- _Exercise goal_
In the entries that follow, find the line containing "The visuals are"; from there, copy every line exactly through the line containing "Am Samstag bringt".

----- Supplied records -----

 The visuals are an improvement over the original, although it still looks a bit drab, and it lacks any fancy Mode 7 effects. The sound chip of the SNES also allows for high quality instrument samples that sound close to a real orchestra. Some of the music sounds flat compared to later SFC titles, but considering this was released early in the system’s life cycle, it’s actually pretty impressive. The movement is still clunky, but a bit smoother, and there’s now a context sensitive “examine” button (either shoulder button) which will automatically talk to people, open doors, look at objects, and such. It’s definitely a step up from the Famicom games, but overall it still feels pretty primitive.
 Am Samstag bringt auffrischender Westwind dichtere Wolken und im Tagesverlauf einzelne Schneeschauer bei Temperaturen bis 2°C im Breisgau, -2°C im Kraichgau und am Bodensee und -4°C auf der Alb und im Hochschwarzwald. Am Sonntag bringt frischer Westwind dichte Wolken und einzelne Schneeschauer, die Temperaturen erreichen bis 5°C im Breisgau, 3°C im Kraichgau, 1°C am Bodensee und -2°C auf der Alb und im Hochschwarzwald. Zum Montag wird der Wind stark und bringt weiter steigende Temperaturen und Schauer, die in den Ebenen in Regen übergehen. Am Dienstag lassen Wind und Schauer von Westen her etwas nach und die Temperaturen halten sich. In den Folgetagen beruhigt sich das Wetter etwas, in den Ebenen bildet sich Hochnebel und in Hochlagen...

-----
----- Supplied records -----

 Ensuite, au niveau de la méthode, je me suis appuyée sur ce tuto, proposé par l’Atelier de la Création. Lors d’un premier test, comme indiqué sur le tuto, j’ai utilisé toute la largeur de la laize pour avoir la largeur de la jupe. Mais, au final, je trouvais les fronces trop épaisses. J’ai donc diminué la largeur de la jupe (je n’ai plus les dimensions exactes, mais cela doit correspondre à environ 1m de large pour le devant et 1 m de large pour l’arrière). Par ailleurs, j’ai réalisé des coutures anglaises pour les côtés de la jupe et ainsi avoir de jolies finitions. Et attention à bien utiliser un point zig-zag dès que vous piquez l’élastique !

-----
----- Supplied records -----

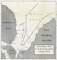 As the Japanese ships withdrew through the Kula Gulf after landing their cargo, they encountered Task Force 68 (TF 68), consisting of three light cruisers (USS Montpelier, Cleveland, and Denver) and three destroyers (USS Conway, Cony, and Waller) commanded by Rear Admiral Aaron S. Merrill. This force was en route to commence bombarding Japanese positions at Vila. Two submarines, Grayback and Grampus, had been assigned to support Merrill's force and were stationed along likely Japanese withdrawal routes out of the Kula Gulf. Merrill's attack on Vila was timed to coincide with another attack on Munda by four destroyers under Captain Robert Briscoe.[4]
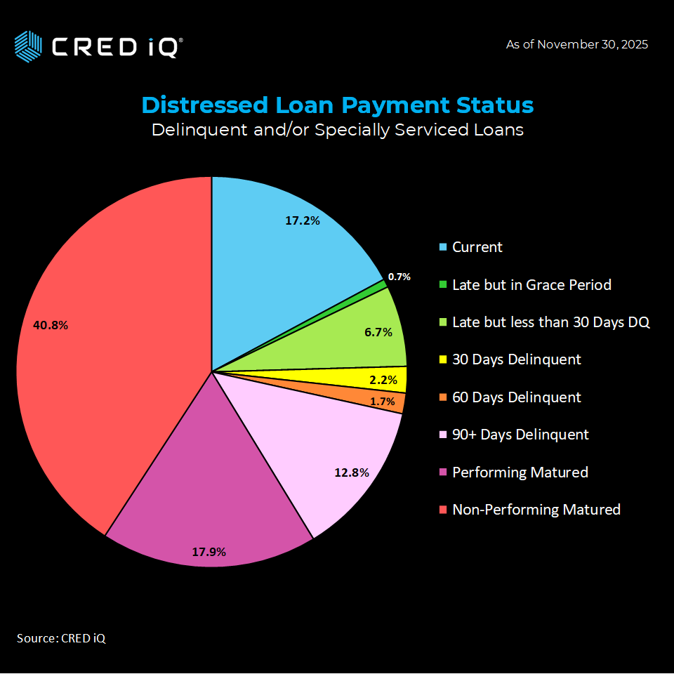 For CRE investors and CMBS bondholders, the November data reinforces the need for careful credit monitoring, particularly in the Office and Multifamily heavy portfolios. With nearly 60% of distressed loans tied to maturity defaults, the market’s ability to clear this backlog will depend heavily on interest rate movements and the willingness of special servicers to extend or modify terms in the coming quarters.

-----

- _Solution_
 The visuals are an improvement over the original, although it still looks a bit drab, and it lacks any fancy Mode 7 effects. The sound chip of the SNES also allows for high quality instrument samples that sound close to a real orchestra. Some of the music sounds flat compared to later SFC titles, but considering this was released early in the system’s life cycle, it’s actually pretty impressive. The movement is still clunky, but a bit smoother, and there’s now a context sensitive “examine” button (either shoulder button) which will automatically talk to people, open doors, look at objects, and such. It’s definitely a step up from the Famicom games, but overall it still feels pretty primitive.
 Am Samstag bringt auffrischender Westwind dichtere Wolken und im Tagesverlauf einzelne Schneeschauer bei Temperaturen bis 2°C im Breisgau, -2°C im Kraichgau und am Bodensee und -4°C auf der Alb und im Hochschwarzwald. Am Sonntag bringt frischer Westwind dichte Wolken und einzelne Schneeschauer, die Temperaturen erreichen bis 5°C im Breisgau, 3°C im Kraichgau, 1°C am Bodensee und -2°C auf der Alb und im Hochschwarzwald. Zum Montag wird der Wind stark und bringt weiter steigende Temperaturen und Schauer, die in den Ebenen in Regen übergehen. Am Dienstag lassen Wind und Schauer von Westen her etwas nach und die Temperaturen halten sich. In den Folgetagen beruhigt sich das Wetter etwas, in den Ebenen bildet sich Hochnebel und in Hochlagen...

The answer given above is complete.